Frank Sabotka - Capable and stalwart union president who gets mixed up in ever-escalating amounts of dirt and inadvertently brings his nephew and fuck-up son along with him. We see the moral anguish at times, but in the end he always chases the money and goes back to the Greeks. We see in his effortless description to the cops of the port’s software system and in his knowledge of history and policy that Frank is not the bumpkin you might expect. Delivers some of the best monologues and one-liners in the entire show. He’s the only single season character on this list.
"What you're forgetting, Detective, is that every IBS Local on the east coast has had its ass in front of a federal grand jury two or three times already. You want to throw your summonses, throw 'em. You want to subpoena our records? sh¡t, you don't even need a subpoena no more. Our books have been open to the Justice Department for eight years. We're here through Bobby Kennedy, Tricky dіck Nixon, Ronnie 'The Union Buster' Reagan and half a dozen other sons of bitches. We'll be here through your weak bullshit, no problem!"
"We used to make shit in this country, build shit. Now we just put our hand in the next guy’s pocket."

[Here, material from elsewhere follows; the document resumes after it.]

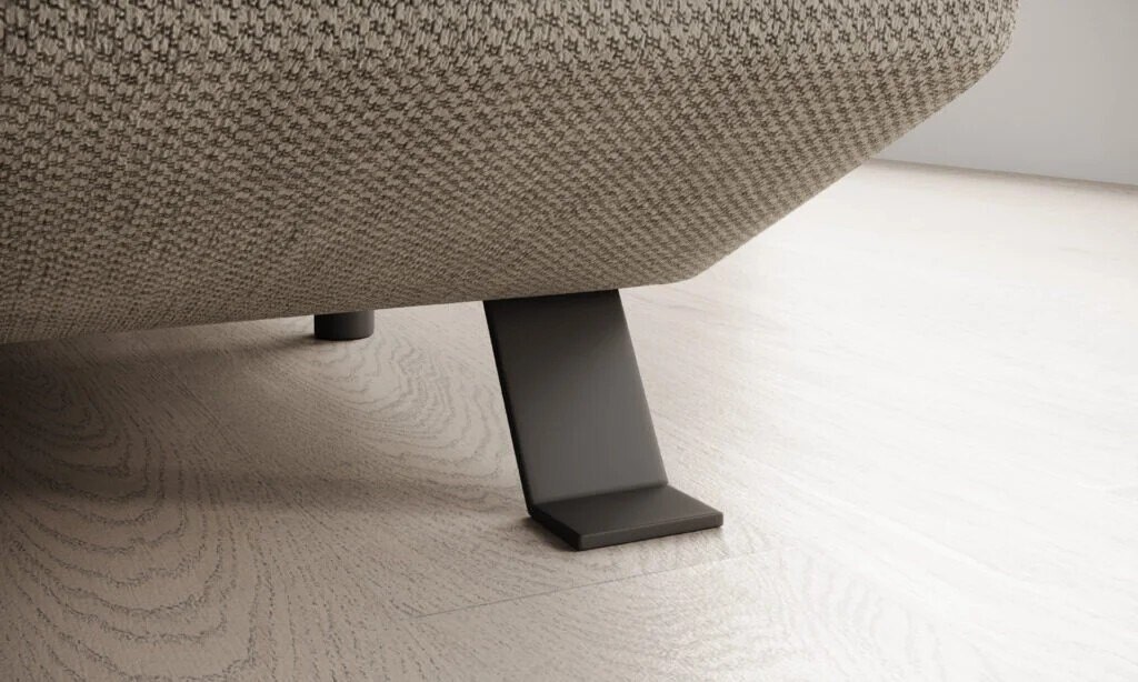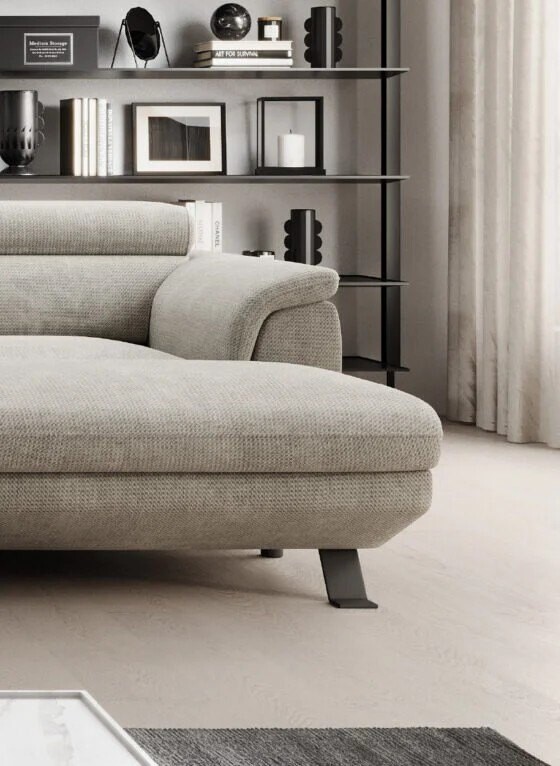 Luni XL to rozbudowany narożnik o harmonijnej konstrukcji, która łączy prostotę formy z subtelnym akcentem miękkich zaokrągleń. Jasna tapicerka o wyraźnej fakturze podkreśla segmentowy układ mebla i nadaje mu elegancki, spokojny charakter. Grube poduchy siedziskowe i profilowane zagłówki wspierają ergonomię, a lekko wygięte podłokietniki nadają bryle łagodny, przyjazny wyraz. Solidne nogi w kolorze czerni kontrastują z delikatnym materiałem, akcentując nowoczesną linię narożnika.

Bubbles - Just one of the best acted supporting characters ever. If he’s on the screen I’m happy. Andre Royo crushes the role of an aging addict in the city who becomes disillusioned with the drug life.
"Thin line between heaven and here."
Clay Davis - "That guy was born with his hand in someone's pocket. Played Stringer Bell like a pinball machine and planted the seeds of doubt that he, as Avon put it, 'just might not be smart enough for them out there'." In a show that highlights how the best political maneuver-ers make it to the top in the police department, the drug game, the unions, and everywhere else power resides, dastardly U.S. Senator Clay Davis shows us that there are levels to this sheeeit.

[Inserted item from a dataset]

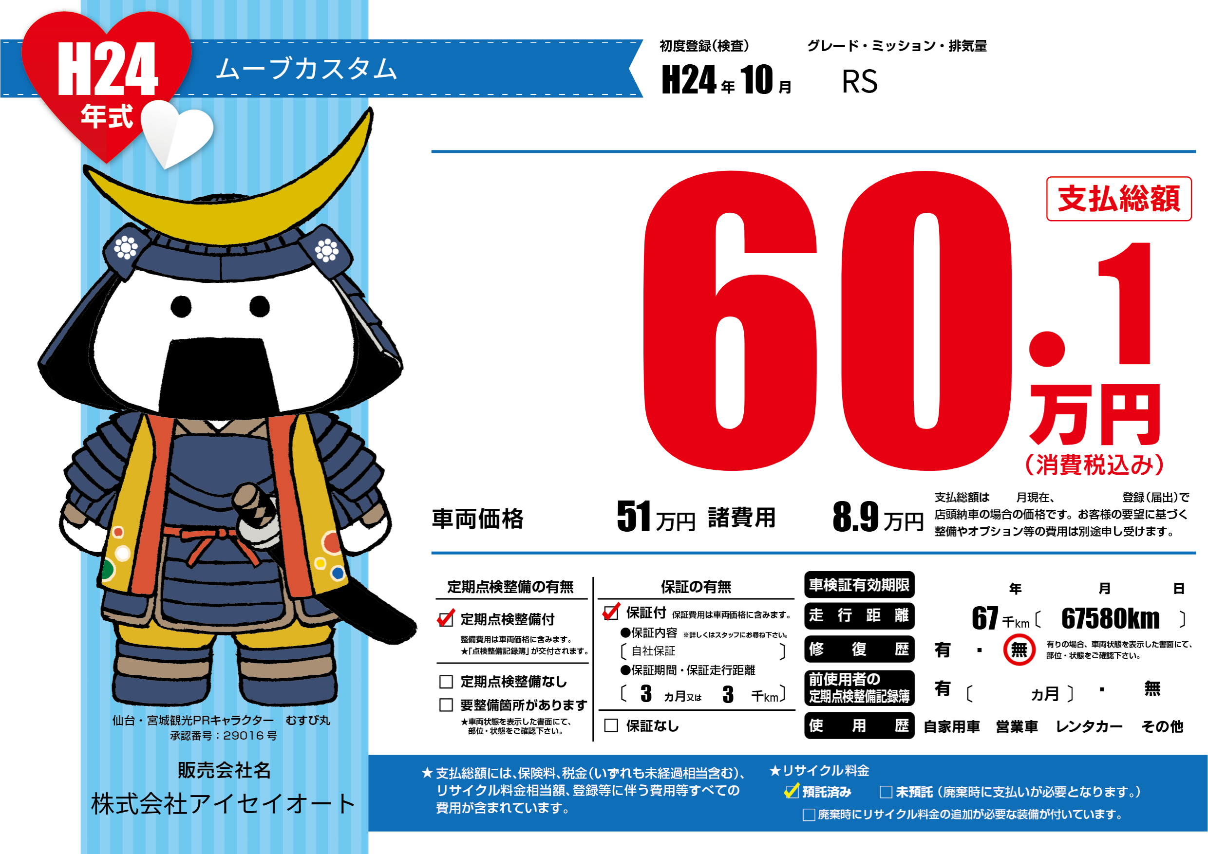 | 車名 | ムーブカスタム | グレード ミッション 排気量 |

"It takes money to make money, String. Otherwise hell, every pauper'd be a king."
Honorable mention to Bodie. There’s no light at the end of the tunnel for a good soldier. One of my favorite points the show makes is how nearly impossible it is to climb out of a poor inner-city upbringing. You can easily imagine Bodie, D’Angelo, Wallace, Poot, and the season 4 kids (among others) being thriving members of society were they born into different circumstances.
"I feel old. I been out there since I was 13. I ain't never fuckin run from nobody."